What you return should match the data word for word, minus the images.

SUPPLIED DATA:
- Opening Delimiter -
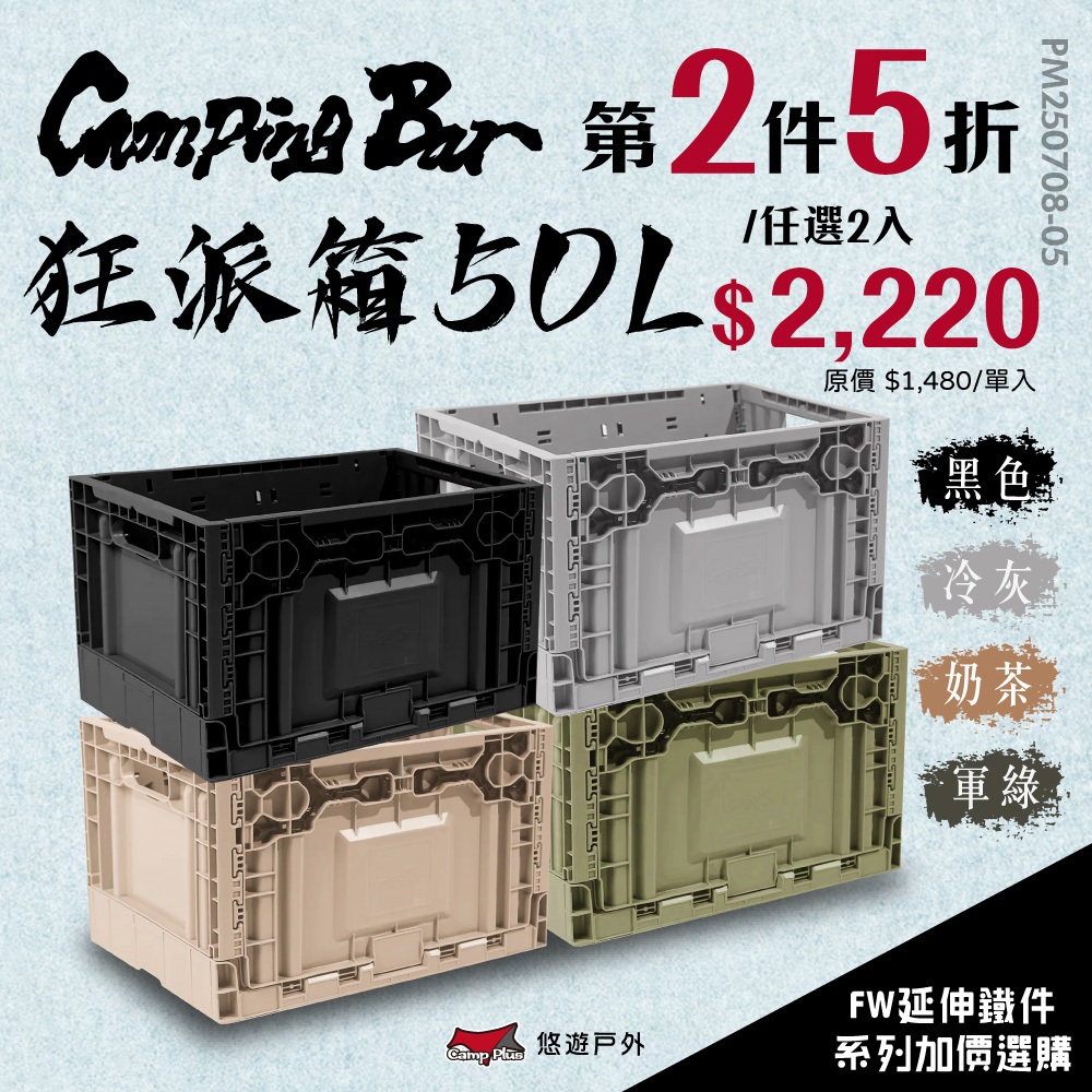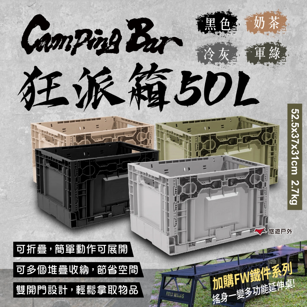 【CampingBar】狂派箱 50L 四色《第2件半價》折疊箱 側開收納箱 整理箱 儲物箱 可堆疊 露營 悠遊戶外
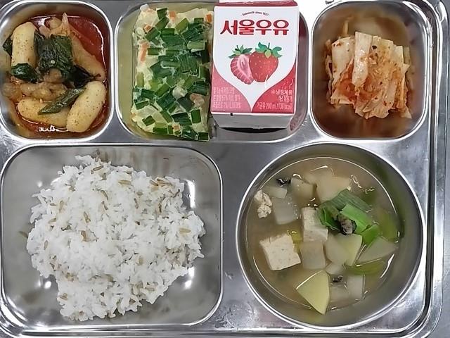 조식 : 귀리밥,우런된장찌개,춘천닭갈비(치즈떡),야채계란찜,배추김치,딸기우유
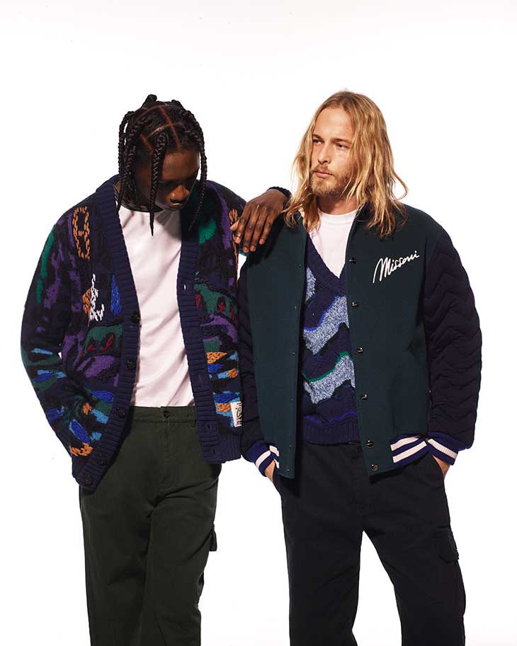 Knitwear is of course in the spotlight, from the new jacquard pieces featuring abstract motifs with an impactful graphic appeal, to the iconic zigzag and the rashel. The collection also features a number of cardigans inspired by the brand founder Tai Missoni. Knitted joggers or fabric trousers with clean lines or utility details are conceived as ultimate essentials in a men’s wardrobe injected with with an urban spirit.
- Closing Delimiter -
TASK OUTPUT:
 【CampingBar】狂派箱 50L 四色《第2件半價》折疊箱 側開收納箱 整理箱 儲物箱 可堆疊 露營 悠遊戶外
 조식 : 귀리밥,우런된장찌개,춘천닭갈비(치즈떡),야채계란찜,배추김치,딸기우유
 Knitwear is of course in the spotlight, from the new jacquard pieces featuring abstract motifs with an impactful graphic appeal, to the iconic zigzag and the rashel. The collection also features a number of cardigans inspired by the brand founder Tai Missoni. Knitted joggers or fabric trousers with clean lines or utility details are conceived as ultimate essentials in a men’s wardrobe injected with with an urban spirit.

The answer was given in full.